__Saved entries__
..........
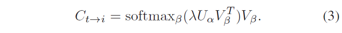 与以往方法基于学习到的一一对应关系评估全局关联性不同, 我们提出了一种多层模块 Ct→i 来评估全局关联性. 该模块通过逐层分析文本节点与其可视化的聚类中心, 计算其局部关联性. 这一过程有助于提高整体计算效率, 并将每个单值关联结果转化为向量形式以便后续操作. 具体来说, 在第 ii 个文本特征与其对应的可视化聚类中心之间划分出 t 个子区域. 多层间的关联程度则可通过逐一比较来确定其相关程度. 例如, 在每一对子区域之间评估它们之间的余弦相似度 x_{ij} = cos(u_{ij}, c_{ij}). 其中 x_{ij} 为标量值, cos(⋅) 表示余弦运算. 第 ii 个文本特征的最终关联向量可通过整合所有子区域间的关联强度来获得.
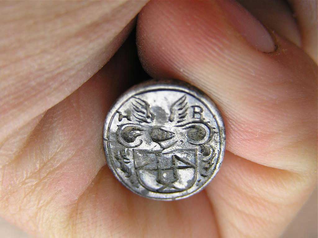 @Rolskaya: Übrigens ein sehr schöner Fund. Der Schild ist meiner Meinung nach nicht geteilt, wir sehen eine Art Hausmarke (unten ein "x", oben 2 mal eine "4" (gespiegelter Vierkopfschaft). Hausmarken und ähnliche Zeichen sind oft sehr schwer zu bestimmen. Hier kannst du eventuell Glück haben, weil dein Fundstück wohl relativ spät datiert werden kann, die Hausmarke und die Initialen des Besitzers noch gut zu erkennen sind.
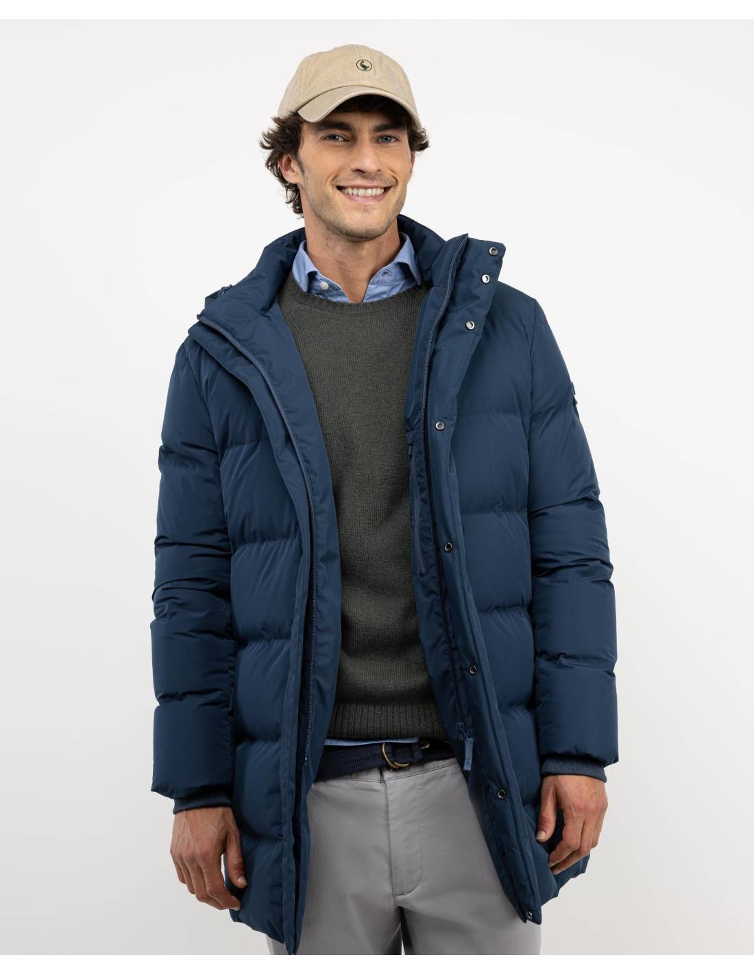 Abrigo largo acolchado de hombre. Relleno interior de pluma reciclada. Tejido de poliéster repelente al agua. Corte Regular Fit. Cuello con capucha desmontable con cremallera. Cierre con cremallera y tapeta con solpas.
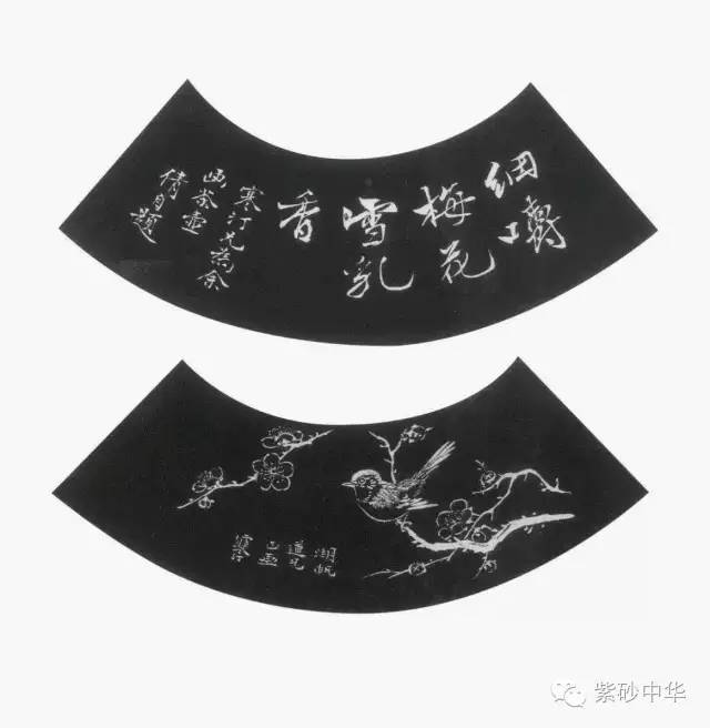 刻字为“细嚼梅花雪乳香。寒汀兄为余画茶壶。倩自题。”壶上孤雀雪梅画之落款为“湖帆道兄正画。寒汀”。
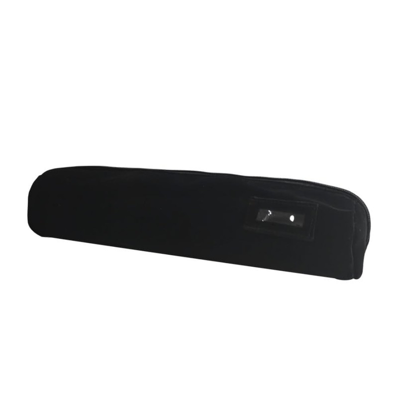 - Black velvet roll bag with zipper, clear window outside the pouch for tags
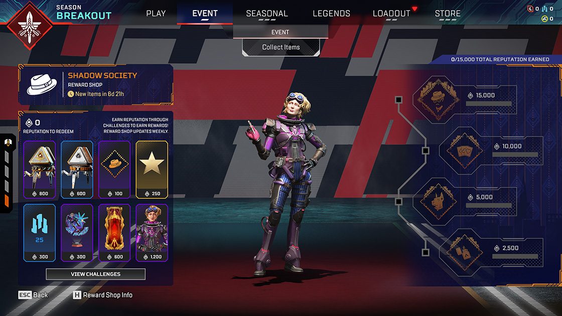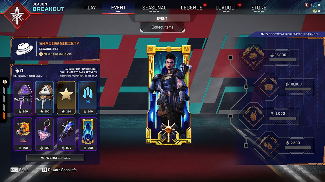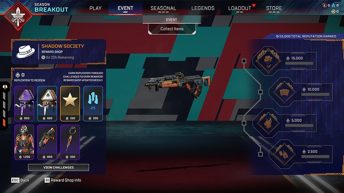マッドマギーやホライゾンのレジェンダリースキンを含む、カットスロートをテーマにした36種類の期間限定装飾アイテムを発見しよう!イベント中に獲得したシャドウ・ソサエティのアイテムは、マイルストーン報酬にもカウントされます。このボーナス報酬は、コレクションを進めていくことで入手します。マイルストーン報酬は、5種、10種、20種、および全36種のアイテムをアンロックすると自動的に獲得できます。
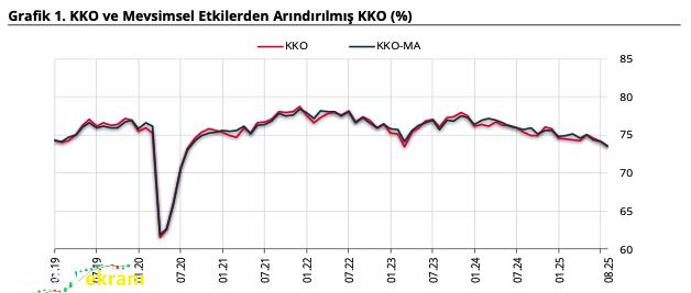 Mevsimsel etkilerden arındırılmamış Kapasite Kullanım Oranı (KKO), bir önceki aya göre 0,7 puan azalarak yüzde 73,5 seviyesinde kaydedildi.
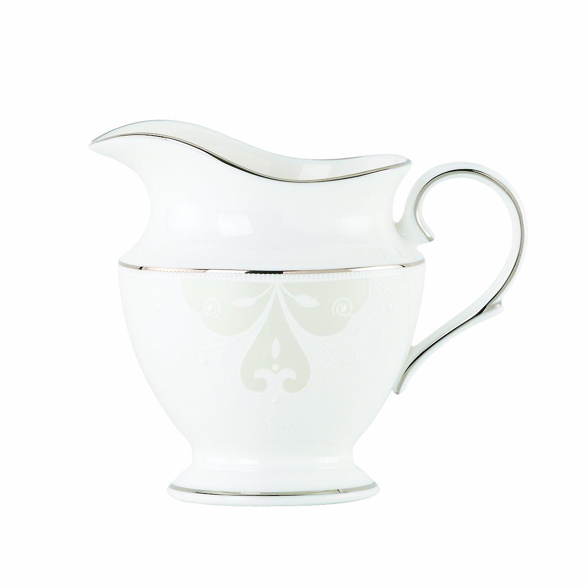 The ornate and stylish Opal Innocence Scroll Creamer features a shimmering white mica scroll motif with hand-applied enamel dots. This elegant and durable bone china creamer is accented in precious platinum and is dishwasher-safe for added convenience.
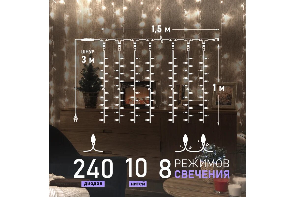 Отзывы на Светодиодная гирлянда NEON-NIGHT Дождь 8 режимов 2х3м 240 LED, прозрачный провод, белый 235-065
..........
__Exercise details__
Would you set down only the lines above from the line with "- Black velvet" to the line with "Mevsimsel etkilerden arındırılmamış", both included, exactly as they stand and without the pictures?

__Solution below__
 - Black velvet roll bag with zipper, clear window outside the pouch for tags
マッドマギーやホライゾンのレジェンダリースキンを含む、カットスロートをテーマにした36種類の期間限定装飾アイテムを発見しよう!イベント中に獲得したシャドウ・ソサエティのアイテムは、マイルストーン報酬にもカウントされます。このボーナス報酬は、コレクションを進めていくことで入手します。マイルストーン報酬は、5種、10種、20種、および全36種のアイテムをアンロックすると自動的に獲得できます。
 Mevsimsel etkilerden arındırılmamış Kapasite Kullanım Oranı (KKO), bir önceki aya göre 0,7 puan azalarak yüzde 73,5 seviyesinde kaydedildi.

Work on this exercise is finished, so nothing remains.